Sofía le da la razón. La comunidad ya no los mira con la desconfianza de antes. Sus familias asisten con ellos a algunos de los talleres. Algunos, incluso, dicen que quieren seguir aprendiendo para volverse guías en las caminatas turísticas.

Aunque no pueden garantizar seguridad absoluta en el sendero, Sofía sugiere que es tan probable ser atracado en el camino a la quebrada como en las calles de Chapinero: "es Bogotá y nadie está exento". Los jóvenes agregan que ahí no se meten pandillas de otras partes porque no les conviene armar una guerra territorial.

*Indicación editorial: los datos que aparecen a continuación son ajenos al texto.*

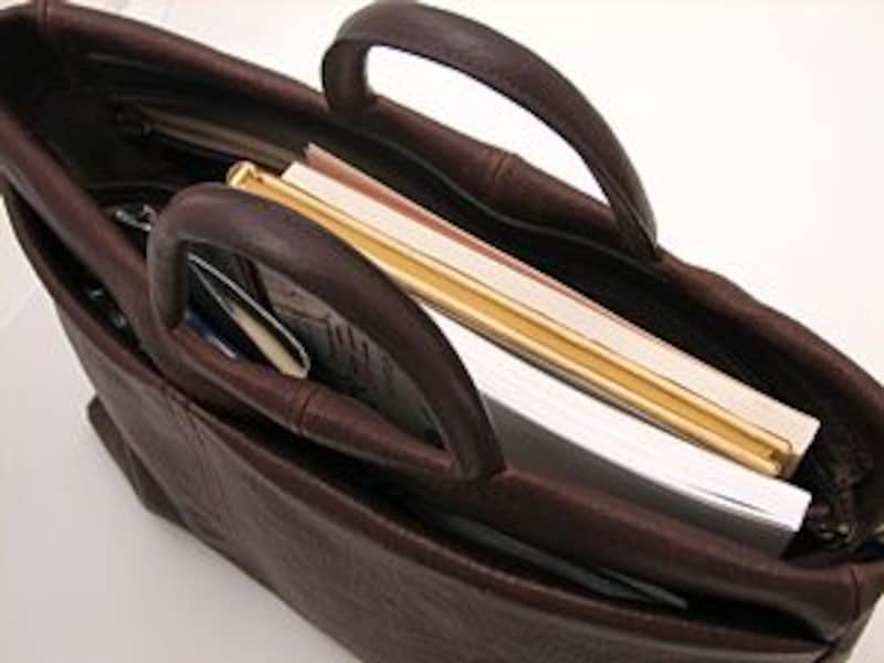 鞄を開けたまま使えるからこそ可能な、大型書籍や資料の縦方向での収納

Danilo, sin embargo, dice que sí ha tenido contacto con pandilleros de barrios vecinos que también eran una amenaza para la seguridad. Cuenta que les hizo la misma propuesta: talleres y trabajo a cambio de abandonar la violencia. Les pidió que, mientras conseguía recursos para unirlos formalmente al proyecto, mostraran voluntad deteniendo el crimen. La Policía confirma que van casi tres meses sin denuncias por robo.

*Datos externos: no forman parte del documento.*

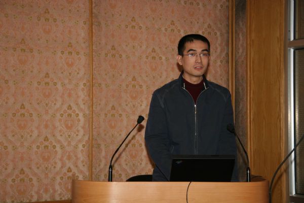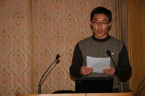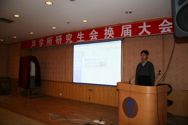 会议在雄壮的国歌声中开幕,首先,第五届研究生会主席熊亮认真总结了研究生会的成长历史及在04—06年的工作进展情况。声学所研究生会自1995年起有雏形,但当时学生人数较少,故一直未曾独立活动。至2004年,所内的在读学生已由2000年的100多人增至350多人,在所内领导的亲切关怀和积极倡议下,声学所研究生会2004年10月22日正式成立,并确立为第五届研究生会,由01级硕博连读生熊亮任主席。研究生会自成立始,就积极为所内学生组织各种文体活动,丰富大家的业余生活,协助声学所各部门做好所里的各项工作。由研究生会主办,先后组织了首届研究生趣味运动会、“五一”云蒙山春游、春游有奖征文及摄影活动、05年毕业生欢送会、毕业生座谈会、参加东芝动物乐园等数项活动。其中“五一”春游、毕业生欢送会、毕业生座谈会已经成为研究生会每年的固定节目。研究生会下属还成立了羽毛球协会、游泳协会、跆拳道协会等数个兴趣协会,进一步扩展大家的兴趣爱好。此外,研究生会每年都与团委携手,共同组织所里的卡拉OK比赛,春节团拜会等声学所的重大活动。在每年的所开放日,研究生会也都起了很大的协助作用。研究生会在这么短的时间内取得了这么好的成绩,离不开所党委、所领导的关怀和支持,离不开人教处、办公室等职能部门的牢靠保障,也离不开研究生会成员的辛勤付出及广大同学的热心参与和大力支持。

Sofía camina de regreso hacia la ciudad. Nuevamente el ruido del tráfico opaca el canto de los pájaros. Mira hacia atrás, donde bajo el sol de la tarde los muchachos siguen arrancando maleza, y bota un suspiro largo. Dice no saber qué va a pasar con ellos cuando se acaben los seis meses del programa piloto con Conservación Internacional. Hasta ahora nadie más ha puesto recursos.

—Nosotros estamos haciendo nuestra parte. Los chicos también. Falta que las autoridades vean que esto es bueno y también les conviene— dice.

Esa idea, con distintas palabras, la repitió varias veces. Al final le agregó un apéndice, casi una sentencia: "usted y yo sabemos qué va a pasar si esos muchachos quedan abandonados de nuevo".